Friday, August 26, 2011

Foreign Films


I just finished watching a beautifully eerie Russian movie called The Return, and it got me thinking about why I love foreign movies so much. I generally watch these movies by myself, since most people, even if they like the occasional foreign movie, tend to get a little bit restless at the thought of sitting through some unknown film that involves the tedious task of reading subtitles. Of course, one of the reasons I like foreign movies is because I find the subtitles themselves appealing; I have substandard hearing and have a particularly difficult time with voices. Foreign movies are a very practical alternative for someone with my level of hearing loss.

Yet that remains only a small, superficial aspect of my taste for foreign films. I enjoy the practicality of subtitles, but I also enjoy taking in the subtitles as bits of written language. In that sense, foreign films become mixed-media art forms, combining the visual and auditory images with the printed word as it appears on the screen. To love foreign films, you must also love reading and language; reading the closed captions of an English-language film can involve some of this pleasure, but foreign films transcend the clarity of that experience.

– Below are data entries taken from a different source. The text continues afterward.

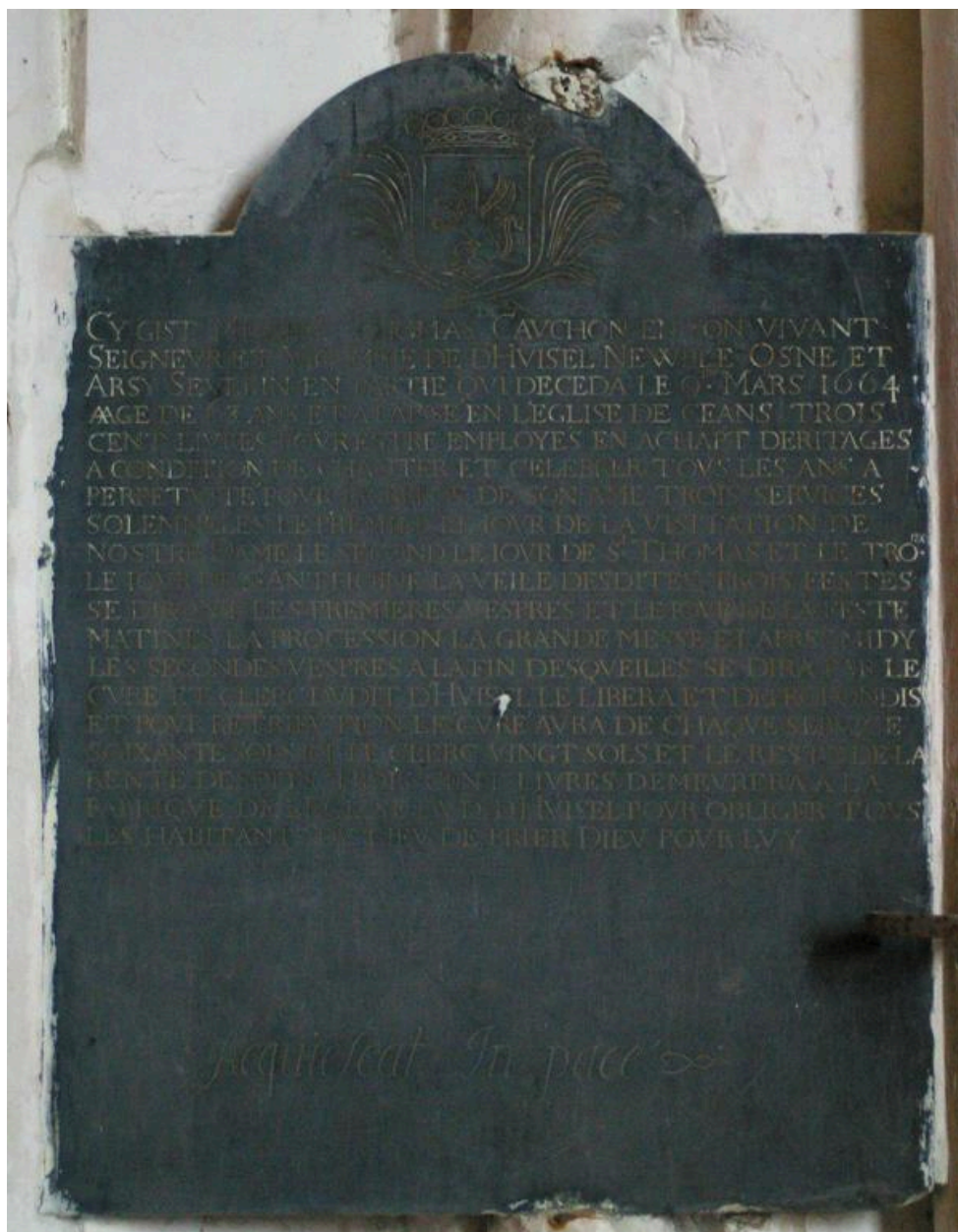
Vue de la plaque funéraire de Thomas Cauchon.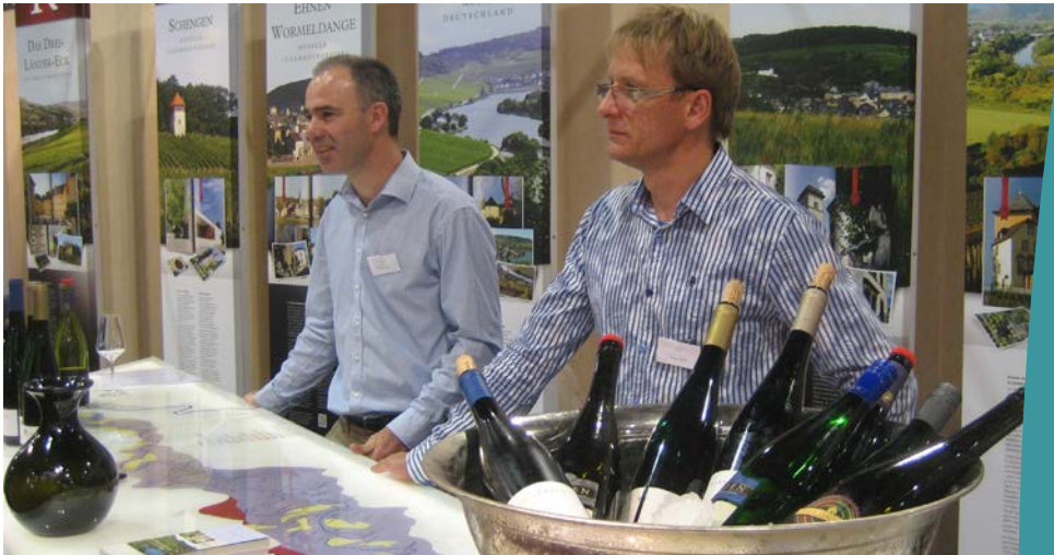
Die deutschen, luxemburgischen und französischen Weinbaugebiete an der Mosel haben eine länderübergreifende Vermarktungsstrategie für Wein und Tourismus.

Wer an die Mosel denkt, denkt unweigerlich auch an Wein. Seine jahrhundertealte Anbau-Tradition verbindet die Menschen, die an der Mosel leben – ob nun in Deutschland, Frankreich oder Luxemburg. Deshalb haben die Weinbaugebiete aller drei Staaten in einem LEADER-Kooperationsprojekt eine Strategie entwickelt, um ihre Moselweine und die Region gemeinsam zu vermarkten.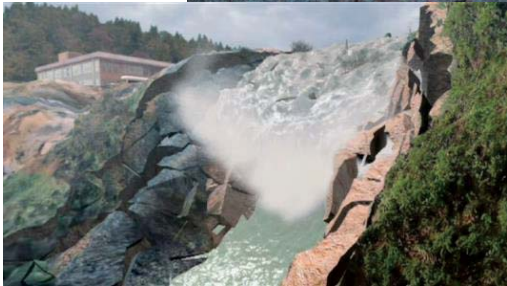
CGで再現した地すべりシーンと危惧された土砂ダム決壊シーン（イメージ）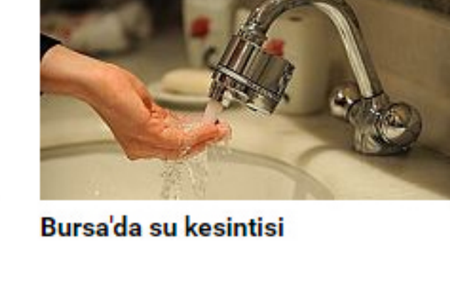
Bursa'da su kesintisi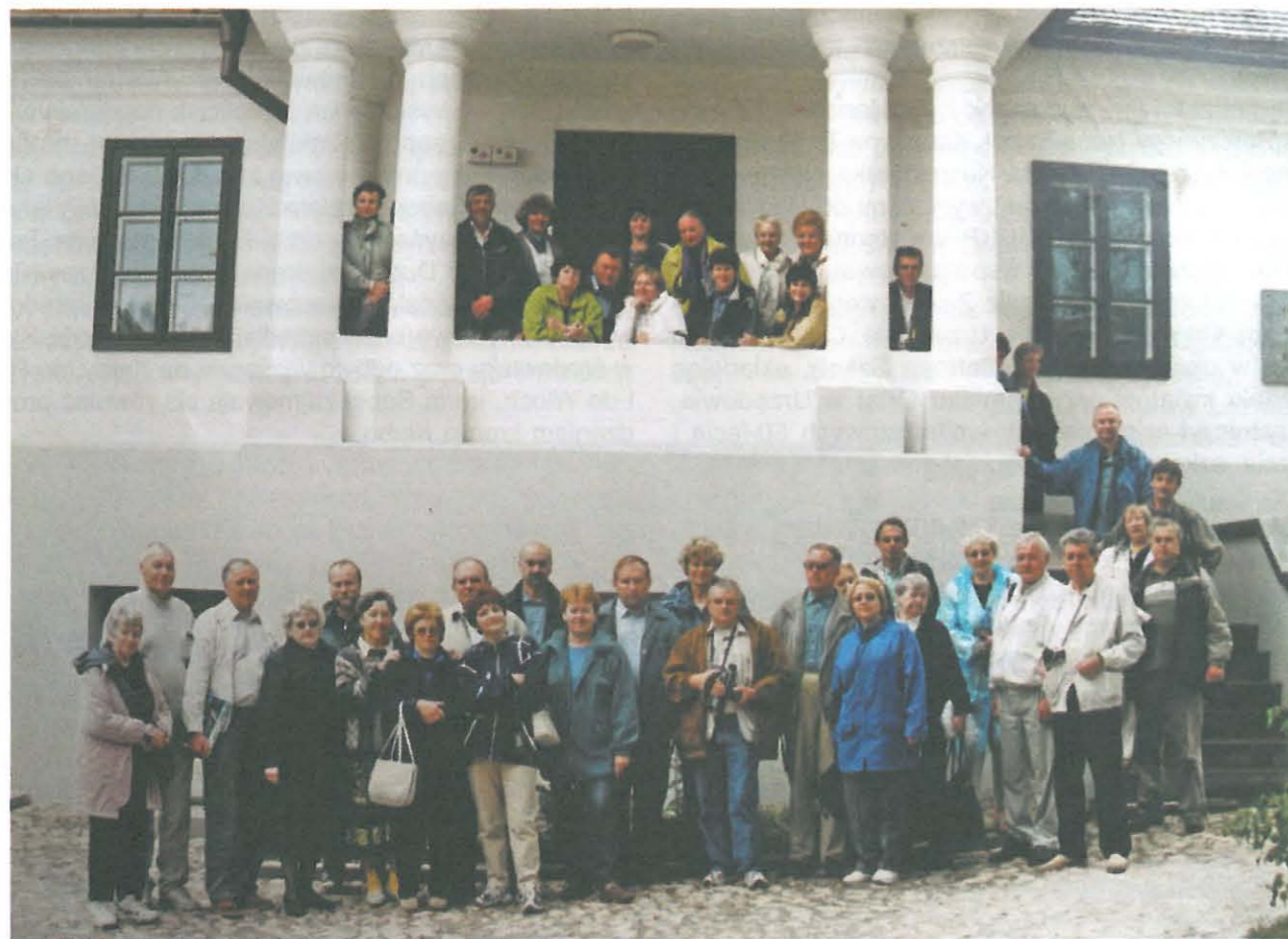
Muzeum Juliusza Słowackiego w Krzemieńcu na Wołyniu. Wycieczka członków TMLiKPW w Lublinie

Wzrost zainteresowania Kresami i ich tradycją sprawił, że w 2004 r. aż pięć osób wyjechało na kolejny „Opłatek Lwowski” do Lwowa.

Foreign films take film to a different poetic level, in which the viewer (unless he or she is fluent in the language) hears the words only as pure sound, even while he or she also absorbs the visual, active imagery of the film and the separate level of poetry as represented by the subtitles on the screen. Viewing a foreign film becomes a multifaceted, complex experience, akin to hearing a poem read for the first time, and then reading it again and again for meaning. With a foreign film, however, this experience is compressed, so that we heard sound and see image even as more literal meanings unfold in front of us. Film in any language can approximate this experience, but I believe in foreign film it can be seen in its purest sense.

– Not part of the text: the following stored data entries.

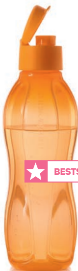
EcoEasy Trinkflasche 750 ml C 139 € 14,00 ★14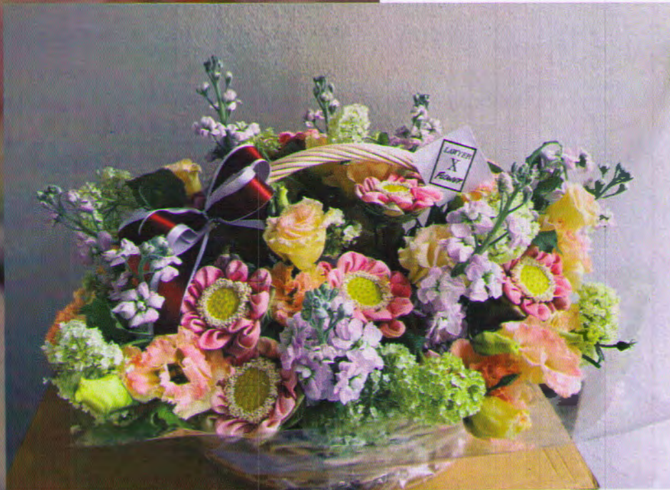
ตัวอย่างกระเช้าดอกไม้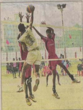
उत्तराखंड के खिलाड़ी के स्मश को रोकने के प्रयास में तेलंगना के खिलाड़ी।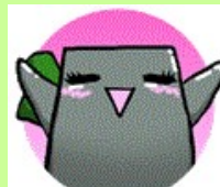
下仁田高校マスコット 「ネギゴン」

甘楽郡下仁田町下 仁田550-1 TEL 0274-82-3124 FAX 0274-82-2488 https://shimonita-h s.gsn.ed.jp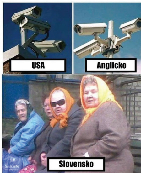
Obrázok 1 Zobrazenie senioriek ako klebetných žien 51

Jedným zo znakov ustálenosti stereotypov je aj to, že sa objavujú vo vtípoch, napr. vtipy o blondínkach, o Rómoch, v tomto prípade o seniorkách.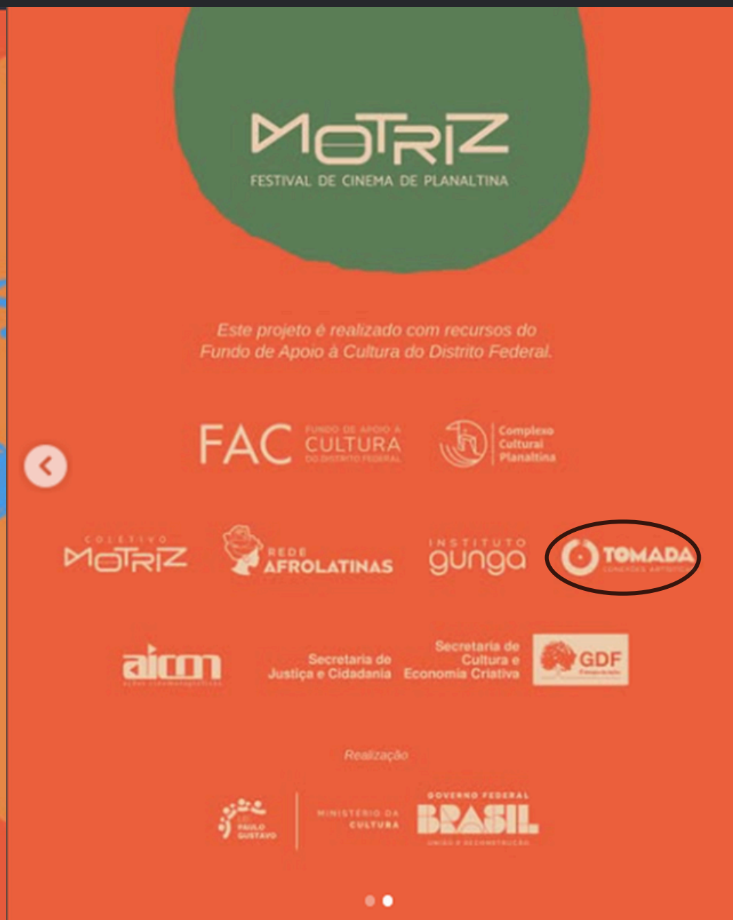
(2024) Função: Produção Execurtiva

Of course, I also like foreign films for the more commonly expressed reason that foreign films do not shy away from complex and ambiguous endings in the way that American films do, and for the fact that so many foreign film cultures seem more amenable to meandering plots and poetic expressions of human conflict. I like foreign films because they are different, after all; by exploring and probing difference, we can discover those truths that lie beneath all human experience.